Repeat the listing below word for word, minus the pictures.

* PROVIDED DATA:
╭──
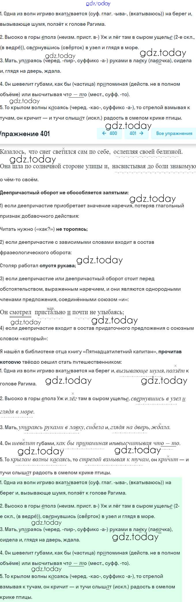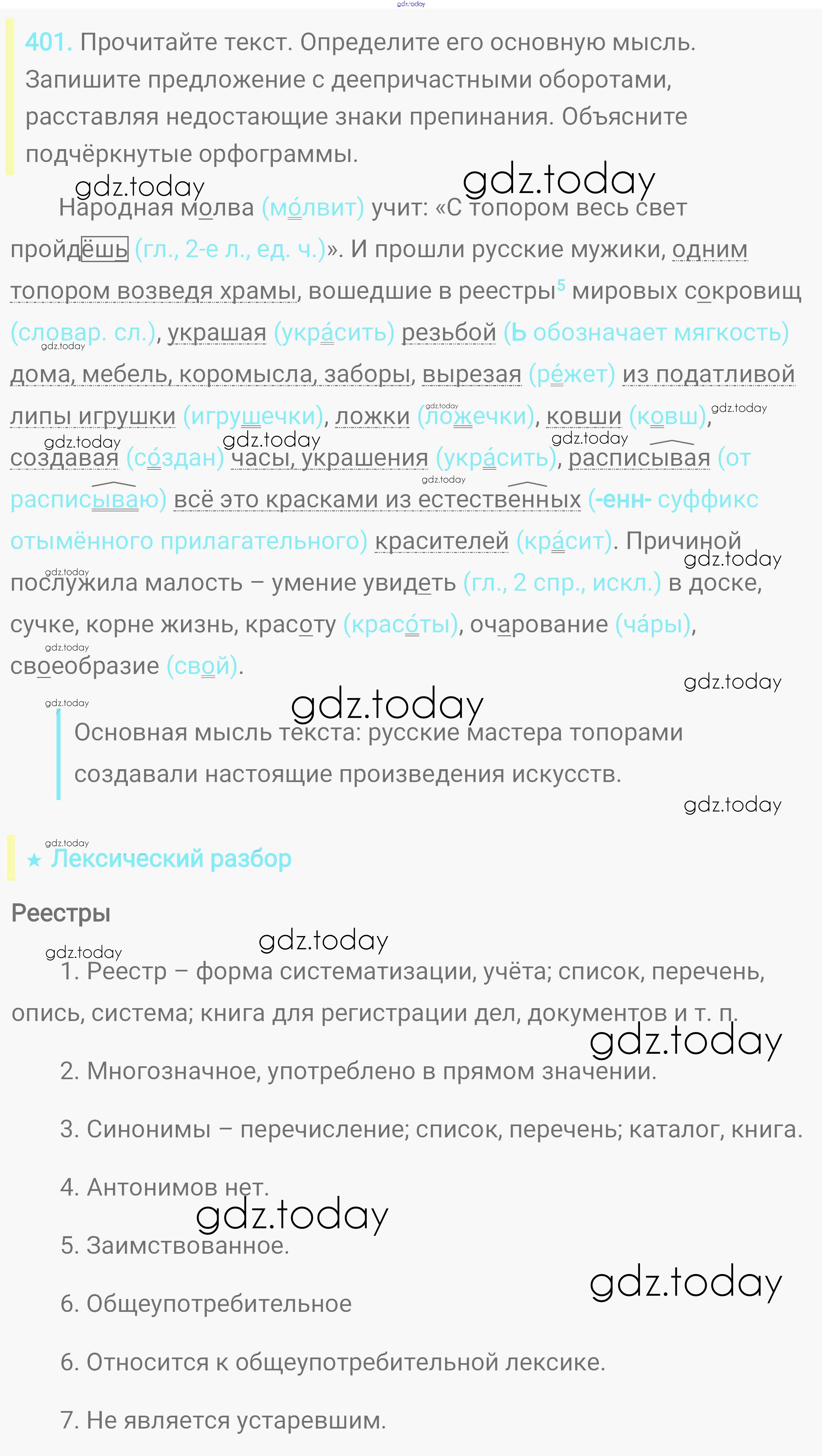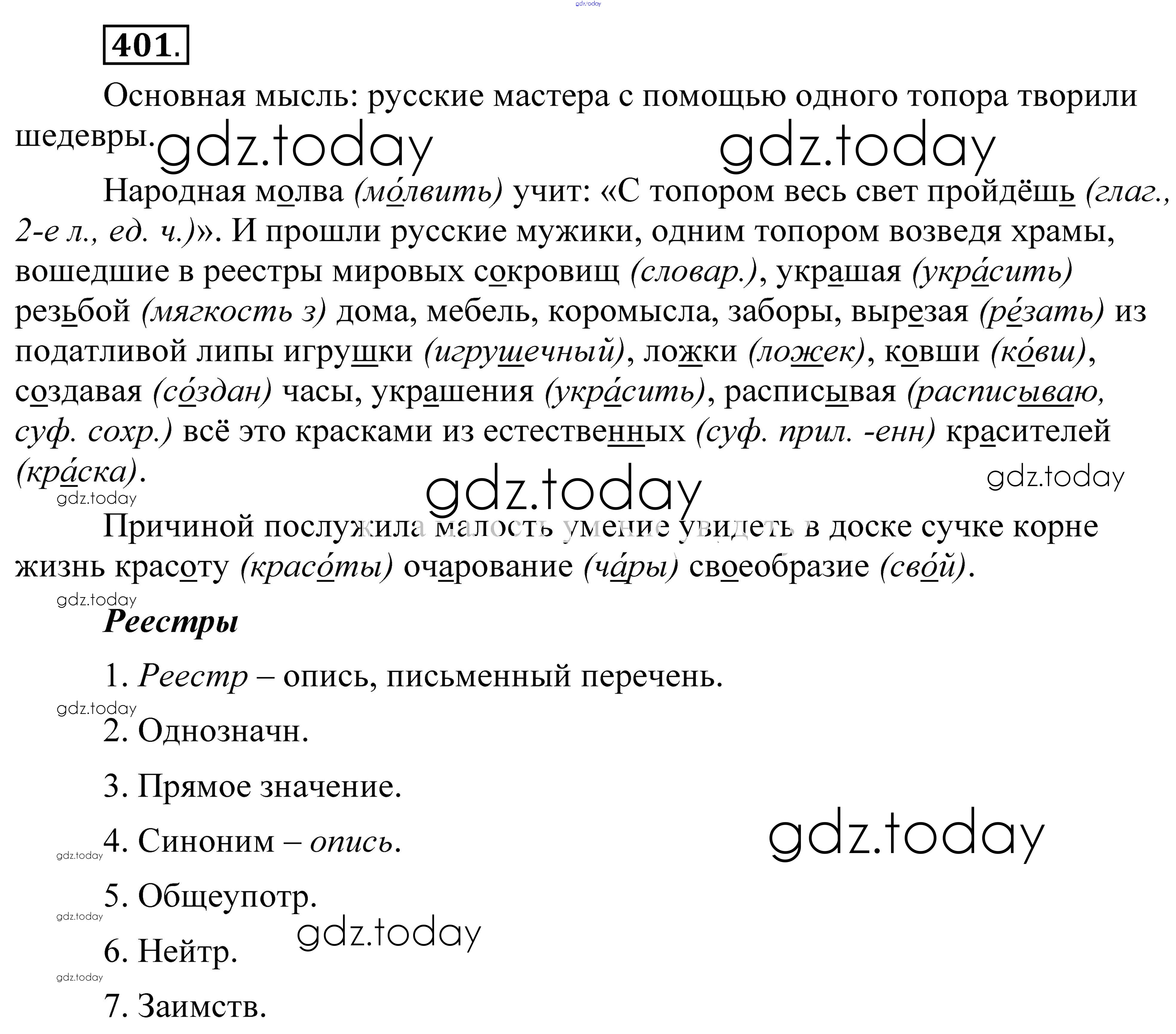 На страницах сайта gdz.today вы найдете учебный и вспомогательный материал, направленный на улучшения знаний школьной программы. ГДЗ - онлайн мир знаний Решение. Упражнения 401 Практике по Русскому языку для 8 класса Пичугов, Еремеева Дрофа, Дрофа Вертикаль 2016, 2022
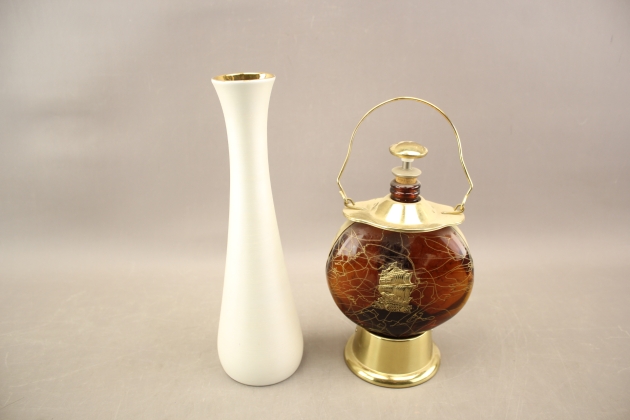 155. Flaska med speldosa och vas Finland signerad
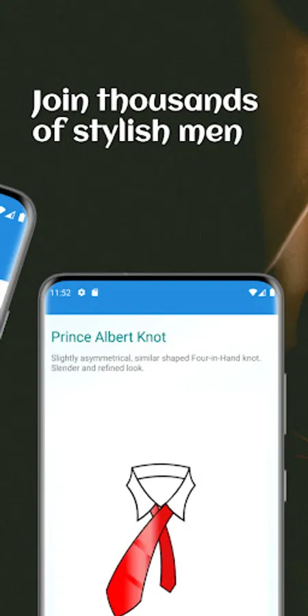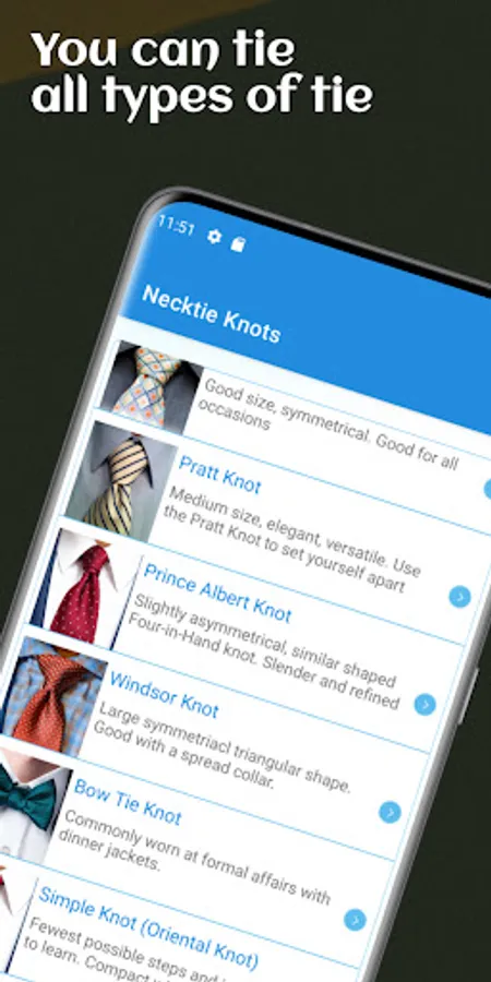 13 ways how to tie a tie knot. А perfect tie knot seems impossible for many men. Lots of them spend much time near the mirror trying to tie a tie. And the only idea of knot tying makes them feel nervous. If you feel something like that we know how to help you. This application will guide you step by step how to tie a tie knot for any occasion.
╰──
* ANSWER:
 На страницах сайта gdz.today вы найдете учебный и вспомогательный материал, направленный на улучшения знаний школьной программы. ГДЗ - онлайн мир знаний Решение. Упражнения 401 Практике по Русскому языку для 8 класса Пичугов, Еремеева Дрофа, Дрофа Вертикаль 2016, 2022
 155. Flaska med speldosa och vas Finland signerad
 13 ways how to tie a tie knot. А perfect tie knot seems impossible for many men. Lots of them spend much time near the mirror trying to tie a tie. And the only idea of knot tying makes them feel nervous. If you feel something like that we know how to help you. This application will guide you step by step how to tie a tie knot for any occasion.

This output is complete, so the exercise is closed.